Work instruction: Keep the images out and copy every entry below exactly.

Dataset records:
= = = = =
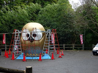 お化粧直し中の大フクロウは、台座から降ろされて小駐車場に置かれていた
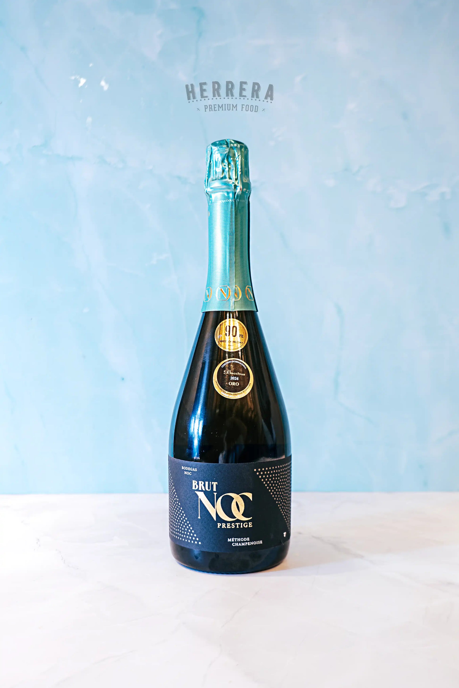 En HerreraFood te presentamos NOC Prestige Brut, un espumoso único elaborado en los Montes de Toledo mediante el método tradicional champenoise. Está elaborado con una combinación exclusiva de uvas Viognier y Chardonnay, lo que lo convierte en el único espumoso del mundo con esta variedad como protagonista.
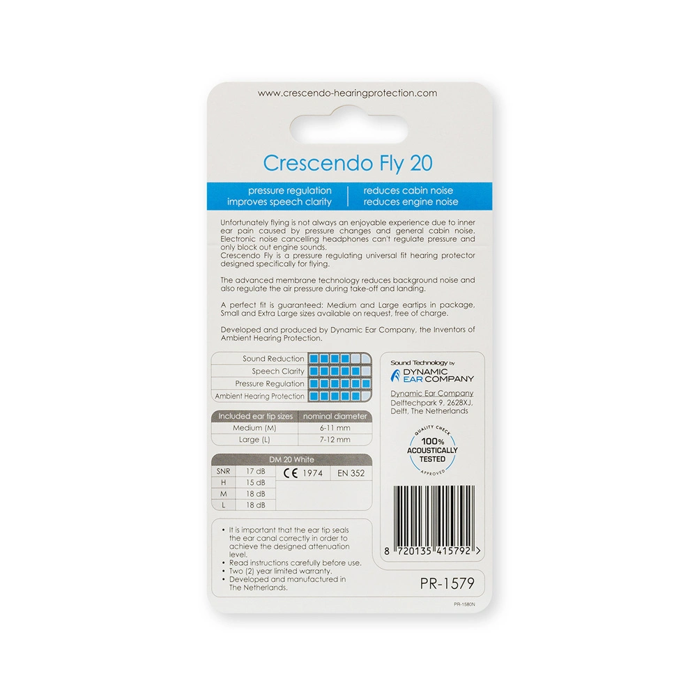 Crescendo Fly 20 - earplugs for flights. Using Fly earplugs during a flight allows you to avoid unpleasant consequences of pressure changes on the eardrums during takeoff and landing. The filters work like gentle valves and ensure the balance of pressures between the external environment and the middle ear. This gives the Eustachian tube enough time to react to pressure changes.
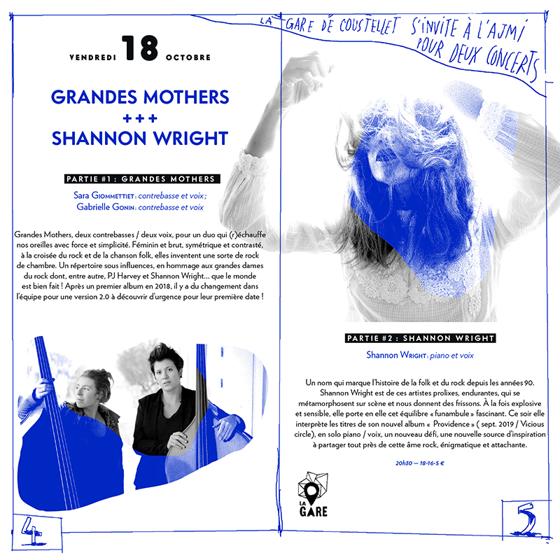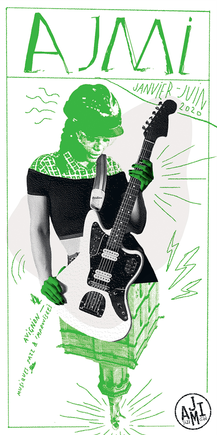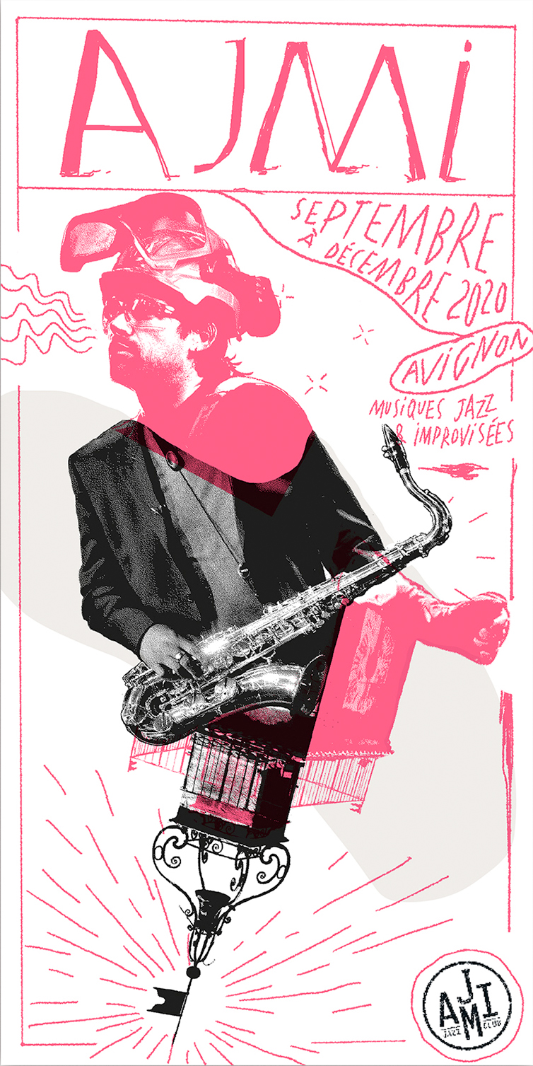 Reprise de l’identité graphique de l’Ajmi, scène labélisée SMAC autour des musiques jazz et improvisées. Avec la volonté de casser un peu les codes du monde élitiste du Jazz, remettre en avant un public de toutes classes sociales, du contemporain et du classique, le tout dans la cité des papes.
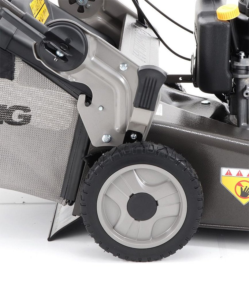 Pogumované sendvičové hliníkové kolesá sú uložené v obojstranných guličkových ložiskách, centrálne nastavenie výšky kosenia je u tejto značky samozrejmosťou. Veľkým nadštandardom u tejto kosačky je použitá špeciálna trecia spojka na noži kosačky pod unášačom, ktorá je schopná preklzu noža pri narazení do pevnej prekážky. Táto funkcia môže eliminovať škody na kosačke spôsobené nárazom noža do prekážky. Ergonomická rukoväť s ovládacími prvkami otáčok motora a špeciálny povlak na obvode zberného koša, ktorý stimuluje prúd vzduchu, aby sa neprášilo na obsluhu.
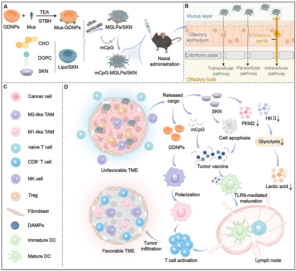 脑胶质瘤的免疫抑制还由糖酵解的过度激活驱动,其代谢产物乳酸的积累促进肿瘤相关巨噬细胞向免疫抑制M2表型转化。因此,课题组提出了一种基于人参囊泡的杂交囊泡原位纳米疫苗,其可通过经鼻递送绕过血脑屏障,增强肿瘤免疫应答的同时抑制糖酵解代谢。人参皂苷Rg3发挥靶向脑肿瘤的作用,随后中药紫草活性成分紫草素诱导免疫原性细胞死亡同时抑制糖酵解限速酶PKM2和HK II,协同人参囊泡的肿瘤相关巨噬细胞极化作用,为先天和适应性免疫诱导提供了一种多管齐下的方法。
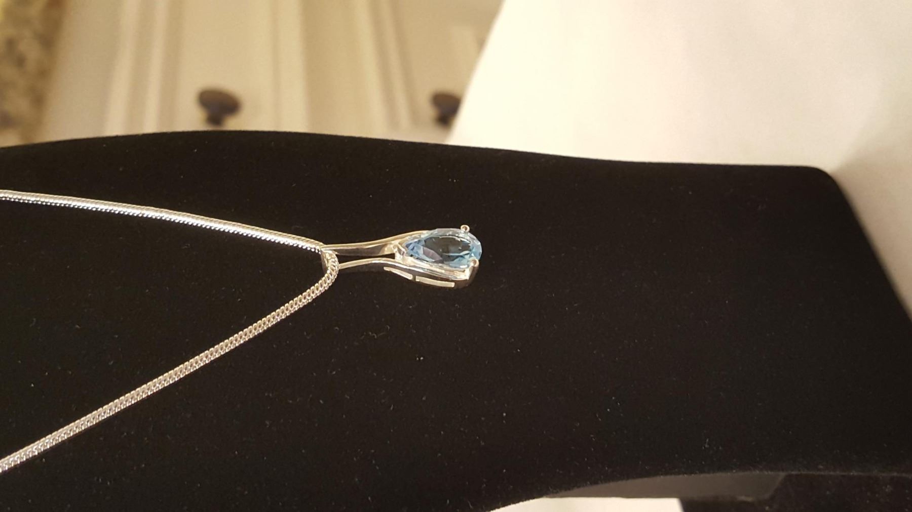 DAZZLING 3.5 CT SKY BLUE TOPAZ. MOUNTED IN SOLID .925 STERLING SILVER. INCLUDES 20 " LONG 2 MM CHAIN CTTW
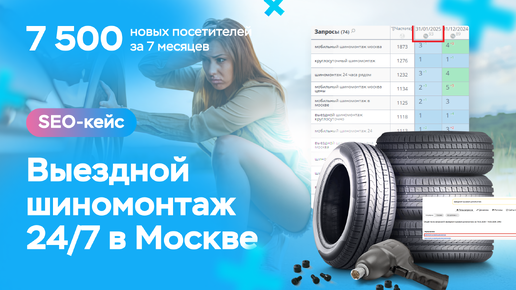 SEO-продвижение сайта выездных автоуслуг «Мобильный шиномонтаж 24/7 в Москве». Рост посетителей с 0 до 7,5 тысяч, конверсия 4%
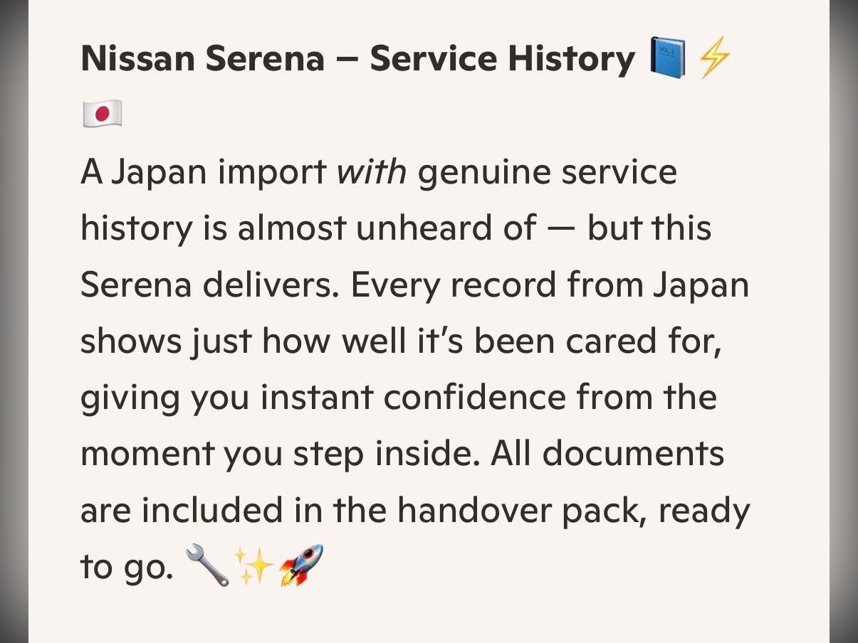 Nissan Serena Additional Information
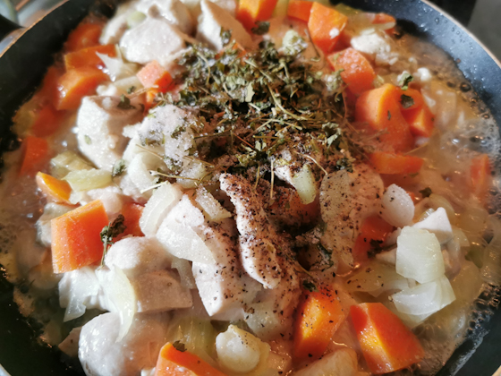 Перемешать и тушить на среднем огне под крышкой минут 15. Затем посолить, поперчить, добавить любимые травы и специи.
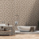 El papel pintado de palo y pelos permite cambiar fácilmente la decoración. Este sencillo patrón de estrellas con un fondo de color marrón oscuro se ve muy bien en cualquier habitación.
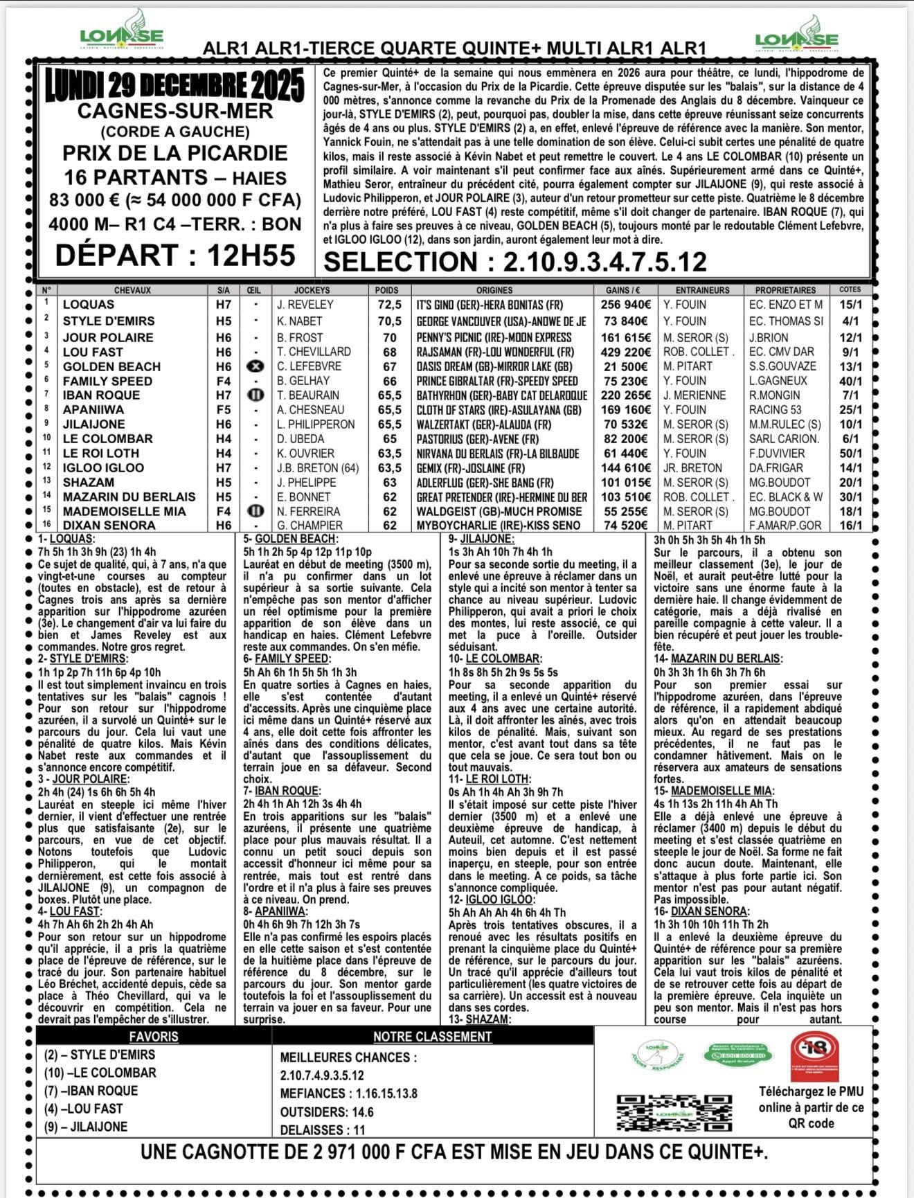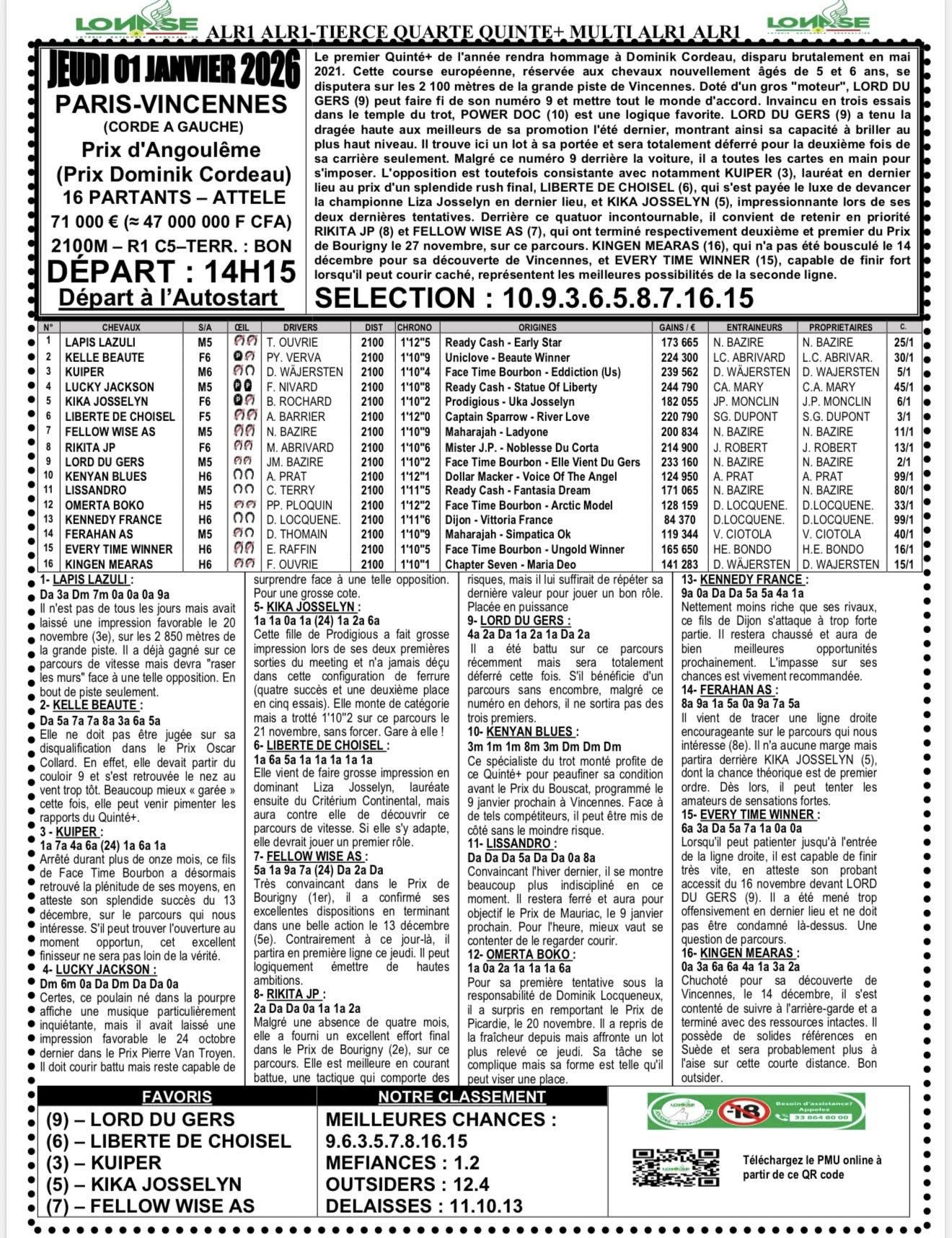 Arrivé, gain, programme et pronostic de alr1 du jour 01-01-2026 LONASE
= = = = =
Solution to this exercise:
 お化粧直し中の大フクロウは、台座から降ろされて小駐車場に置かれていた
 En HerreraFood te presentamos NOC Prestige Brut, un espumoso único elaborado en los Montes de Toledo mediante el método tradicional champenoise. Está elaborado con una combinación exclusiva de uvas Viognier y Chardonnay, lo que lo convierte en el único espumoso del mundo con esta variedad como protagonista.
 Crescendo Fly 20 - earplugs for flights. Using Fly earplugs during a flight allows you to avoid unpleasant consequences of pressure changes on the eardrums during takeoff and landing. The filters work like gentle valves and ensure the balance of pressures between the external environment and the middle ear. This gives the Eustachian tube enough time to react to pressure changes.
 Reprise de l’identité graphique de l’Ajmi, scène labélisée SMAC autour des musiques jazz et improvisées. Avec la volonté de casser un peu les codes du monde élitiste du Jazz, remettre en avant un public de toutes classes sociales, du contemporain et du classique, le tout dans la cité des papes.
 Pogumované sendvičové hliníkové kolesá sú uložené v obojstranných guličkových ložiskách, centrálne nastavenie výšky kosenia je u tejto značky samozrejmosťou. Veľkým nadštandardom u tejto kosačky je použitá špeciálna trecia spojka na noži kosačky pod unášačom, ktorá je schopná preklzu noža pri narazení do pevnej prekážky. Táto funkcia môže eliminovať škody na kosačke spôsobené nárazom noža do prekážky. Ergonomická rukoväť s ovládacími prvkami otáčok motora a špeciálny povlak na obvode zberného koša, ktorý stimuluje prúd vzduchu, aby sa neprášilo na obsluhu.
 脑胶质瘤的免疫抑制还由糖酵解的过度激活驱动,其代谢产物乳酸的积累促进肿瘤相关巨噬细胞向免疫抑制M2表型转化。因此,课题组提出了一种基于人参囊泡的杂交囊泡原位纳米疫苗,其可通过经鼻递送绕过血脑屏障,增强肿瘤免疫应答的同时抑制糖酵解代谢。人参皂苷Rg3发挥靶向脑肿瘤的作用,随后中药紫草活性成分紫草素诱导免疫原性细胞死亡同时抑制糖酵解限速酶PKM2和HK II,协同人参囊泡的肿瘤相关巨噬细胞极化作用,为先天和适应性免疫诱导提供了一种多管齐下的方法。
 DAZZLING 3.5 CT SKY BLUE TOPAZ. MOUNTED IN SOLID .925 STERLING SILVER. INCLUDES 20 " LONG 2 MM CHAIN CTTW
 SEO-продвижение сайта выездных автоуслуг «Мобильный шиномонтаж 24/7 в Москве». Рост посетителей с 0 до 7,5 тысяч, конверсия 4%
 Nissan Serena Additional Information
 Перемешать и тушить на среднем огне под крышкой минут 15. Затем посолить, поперчить, добавить любимые травы и специи.
 El papel pintado de palo y pelos permite cambiar fácilmente la decoración. Este sencillo patrón de estrellas con un fondo de color marrón oscuro se ve muy bien en cualquier habitación.
 Arrivé, gain, programme et pronostic de alr1 du jour 01-01-2026 LONASE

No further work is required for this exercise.